The Sweet Love Story - Chapter 50
“Yasi, bisakah kamu tidak berjalan dengan begitu cepat.” Keluar dari ruang rawat inap, sepanjang perjalanannya Zhou Xiao terus berlari mengikuti di belakang Cai Yasi. Dia berjalan dengan langkah yang besar, seakan-akan sedang menyongsong masa depan yang cemerlang.
“Cai Yasi! Cai Yasi!”
Zhou Xiao menatapnya berjalan pergi dari kejauhan, dia menatapnya selama beberapa menit, dia benar-benar berjalan tanpa menoleh. Zhou Xiao menunduk dan berjalan ke arah yang berlawanan sambil bergumam pada dirinya sendiri, “Apaan sih, gila ya! Tiga hari tidak bertengkar apa rasanya tidak bisa hidup.” Zhou Xiao tidak tahu dia sudah berjalan berapa lama, ketika dia berbelok ke sebuah jalan yang tidak ada orang sama sekali, dia mendengar suara kaki yang semakin mendekat dan diikuti dengan suara yang sudah dia kenal, “Zhou Xiao.”

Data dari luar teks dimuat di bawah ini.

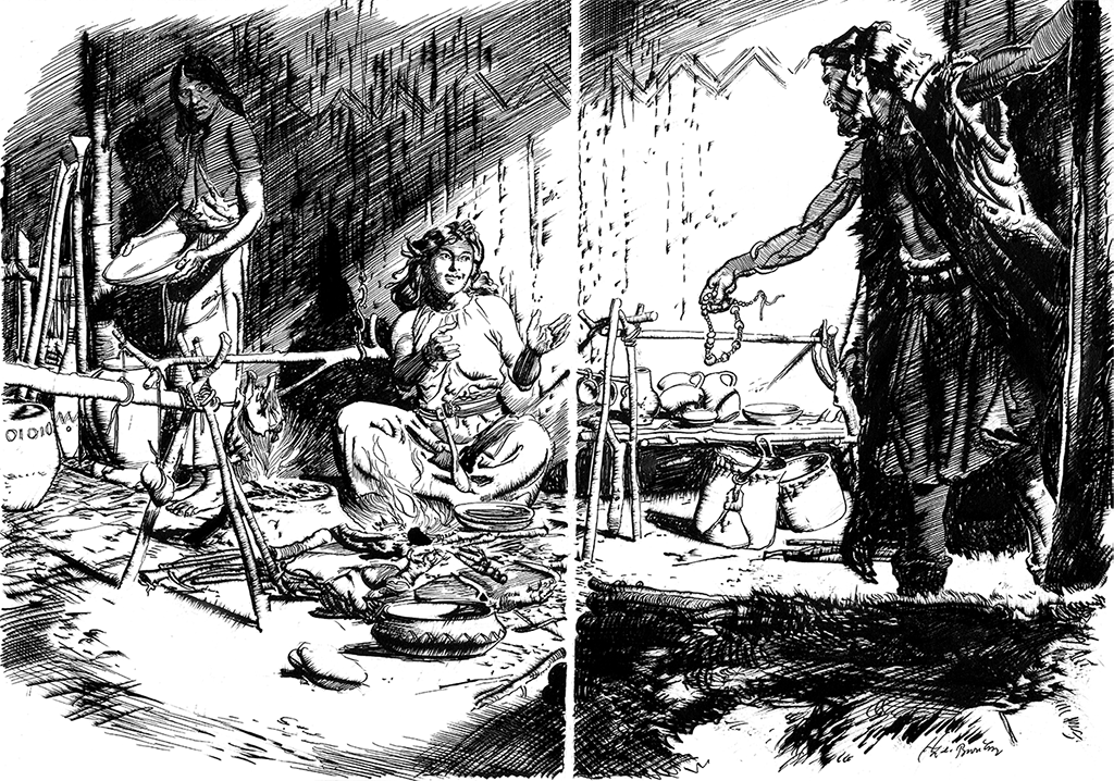 Шаман, обутый в кожаные постолы [7] , прыгнул в очаг и принялся затаптывать пламя. При этом Кривой Рот растоптал и две красивые глиняные миски, стоявшие возле очага. Потом, кипя от гнева, вылетел из хижины и скрылся в лесу.

Zhou Xiao memalingkan kepalanya, sebuah bayangan bergegas ke arahnya dan membungkam bibirnya. Dia berusaha berontak, namun tidak mampu melepaskan dirinya. Akhirnya dia melepaskan tangannya dengan lemah, menahan bibir yang basah dan hangat itu bergerak, bergesekan dengan bibirnya. Zhou Xiao merasa bibirnya sudah terkelupas. Tidak tahu waktu sudah berlalu berapa lama, akhirnya orang itu melepaskannya.
“Cai Yasi, aku mau putus.” kata Zhou Xiao dengan datar.
“Apa?” Cai Yasi terlihat luar biasa terkejut.
“Aku mau putus.” Zhou Xiao mengulangi.
“Kamu benar-benar ingin putus denganku karena Zhao Fanzhou?” Dia menatap Zhou Xiao dengan tidak percaya, seakan ciuman tadi itu hal yang dia lakukan di luar keinginan dari gadis ini.
“Apa begitu sulit dipercaya? Bukankah kamu selalu merasa aku akan memutuskanmu karena dia?”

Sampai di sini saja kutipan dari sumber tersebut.